Fig. 1 is a flowchart of a specific example of a data deduplication mark code generation method according to an embodiment of the present invention;
FIG. 2 is a flowchart illustrating another specific example of a data deduplication mark code generation method according to an embodiment of the present invention;
FIG. 3 is a block diagram of a specific example of a data deduplication mark code generation system of an embodiment of the present invention;
fig. 4 is a schematic diagram of an electronic device according to an embodiment of the invention.
Detailed Description
The technical solutions of the present invention will be described clearly and completely with reference to the accompanying drawings, and it should be understood that the described embodiments are some, but not all embodiments of the present invention. All other embodiments, which can be derived by a person skilled in the art from the embodiments given herein without making any creative effort, shall fall within the protection scope of the present invention.

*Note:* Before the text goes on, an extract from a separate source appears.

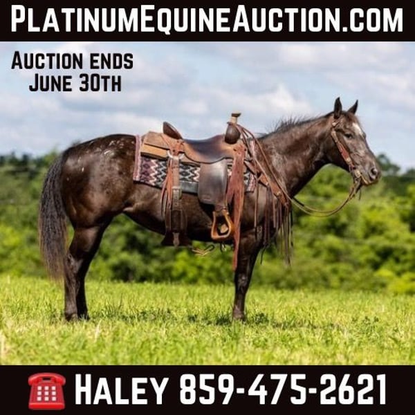 ONLINE AUCTION PLACE YOUR BIDS AT PLATINUMEQUINEAUCTION DOT COM $3500 STARTING BID AUCTION ENDS JUNE 30TH Here’s Betty! Betty is a 12 year old Appaloosa mare! She’s is the perfect size, standing at 14 hands and weighing 1050 pounds. She has a beautiful conformation. Big hipped and wide chest! She has the frame to carry any size rider! She is BEGINNER SAFE and FRIENDLY! She has been used on the trails, in fun shows, and used for lessons. She is super gentle and ultimately safe for any rider! On the trails, she will ride in the front or the back. She is sure footed and will cross any obstacle when asked. She’s a beginner’s dream trail horse. She is stylish, honest and classy. Very easy going, just drop her reins and enjoy the ride! Betty has also been used on the farm, from checking fence, packing the smallest cowboys and cowgirls for the day and riding around the cattle. Betty will direct rein, neck rein, back, walk, trot, & lope on both leads. Simply turn her on and turn her off, she will step directly down from a lope back to a walk with grace. She is very easy to ride and very simple to maneuver. She will work of leg cues as well. She will stand to be saddled, bridled, groomed and shod. If safety, style and brains are your priorities- Betty is a dream come true. From neighboring kids climbing all over her, to asking her to push cattle, to given riding lessons; Betty checks all the boxes. She is consistent and willing in everything she does. Whether you’re looking for a beginner horse or a confidence builder; Betty fits the bill. For any other information please contact PR Quality Horses Colton 606-748-9009 or Haley 859-475-2621 ONLINE AUCTION PLACE YOUR BIDS AT PLATINUMEQUINEAUCTION DOT COM $3500 STARTING BID AUCTION ENDS JUNE 30TH
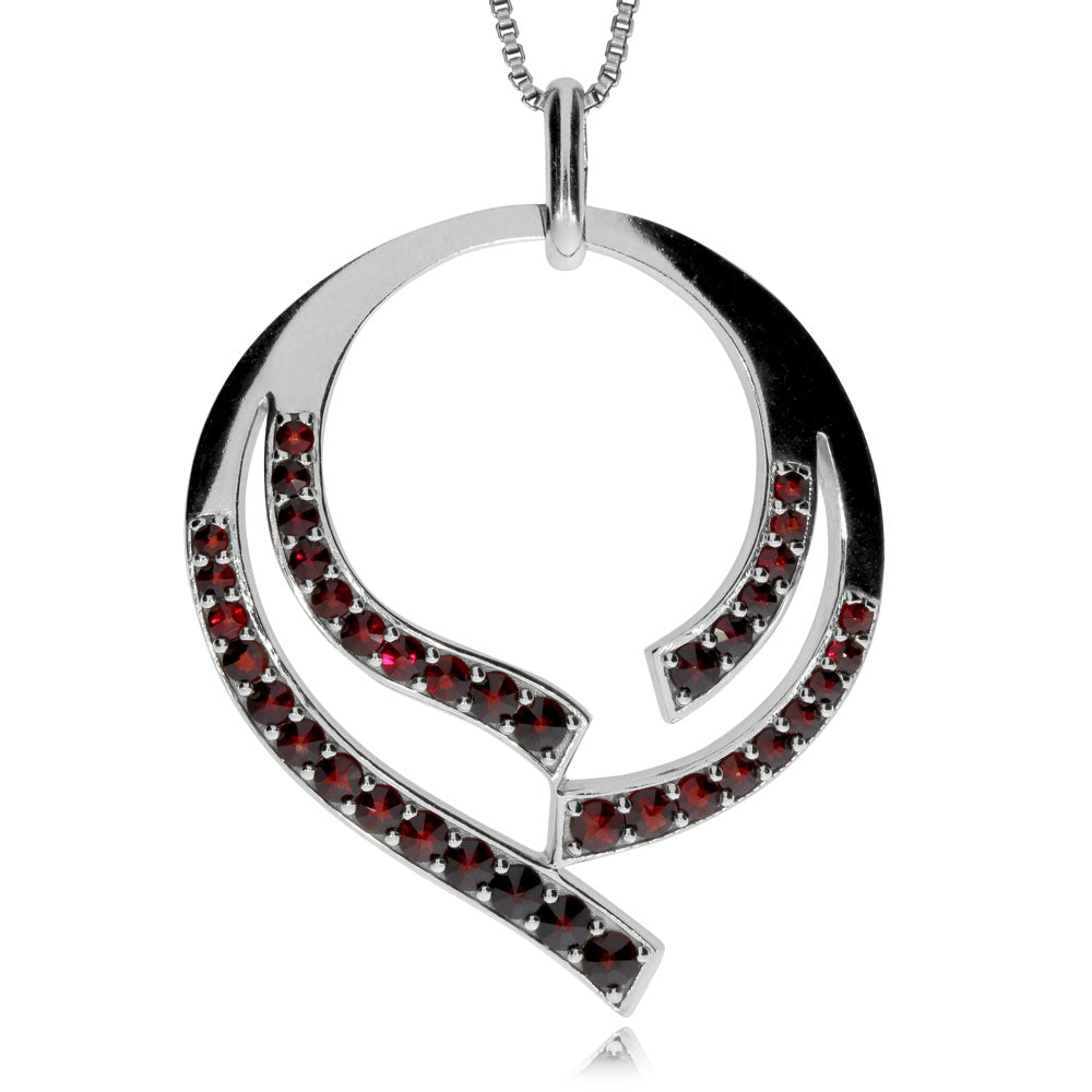 Granátový přívěsek má zajímavý moderní design. Dvě neuzavřené kruhové linie elegantního tvaru jsou jsou osazené téměř čtyřiceti českými granáty vzestupné velikosti. Drobné kamínky jsou vybroušené kulatým hvězdobým brusem a jsou uchycené do jemných linií pomocí malých krapen. Půvabný granátový šperk moderního designu byl vytvořen v družstvu umělecké výroby Granát Turnov a při jeho zakoupení obdržíte certifikát pravosti od výrobce.

An embodiment of the present invention provides a data deduplication mark code generation method, as shown in fig. 1, the method includes steps S1-S10.
Step S1: a bid data set is obtained that includes a plurality of collected bid data.
In the embodiment, data acquisition is performed on bidding data through a web crawler, and a plurality of acquired bidding data form a bidding data set; of course, in other embodiments, the bid data may also be obtained by other techniques in the prior art, for example, the bid data is obtained through a commercial interface and is set reasonably according to actual needs.
Step S2: and obtaining the bidding title, the bidding content, the bidding number, the name of the bidding unit and the type of the bidding stage of each bidding data according to the bidding data set.
In this embodiment, each bidding data in the bidding data set is subjected to title extraction, so as to obtain a bidding title corresponding to each bidding data. The specific extraction method of the bidding headline can be that the bidding headline is collected from the back end, and the content and the headline corresponding to the bidding data are directly extracted from the queue by algorithm processing; of course, in other embodiments, other title extraction methods in the prior art may be used to obtain the bid title of the bid and bid data; this is only illustrated schematically in the present embodiment, and is not limited thereto.
In this embodiment, content extraction is performed on each bidding data in the bidding data set, so as to obtain bidding content corresponding to each bidding data. The specific extraction method of the bidding contents can be that the bidding contents are acquired from the back end, and the contents and the titles corresponding to the bidding data are directly extracted from the queue by algorithm processing; of course, in other embodiments, other content extraction methods in the prior art may be adopted to obtain bidding content of the bidding data; this is only illustrated schematically in the present embodiment, and is not limited thereto.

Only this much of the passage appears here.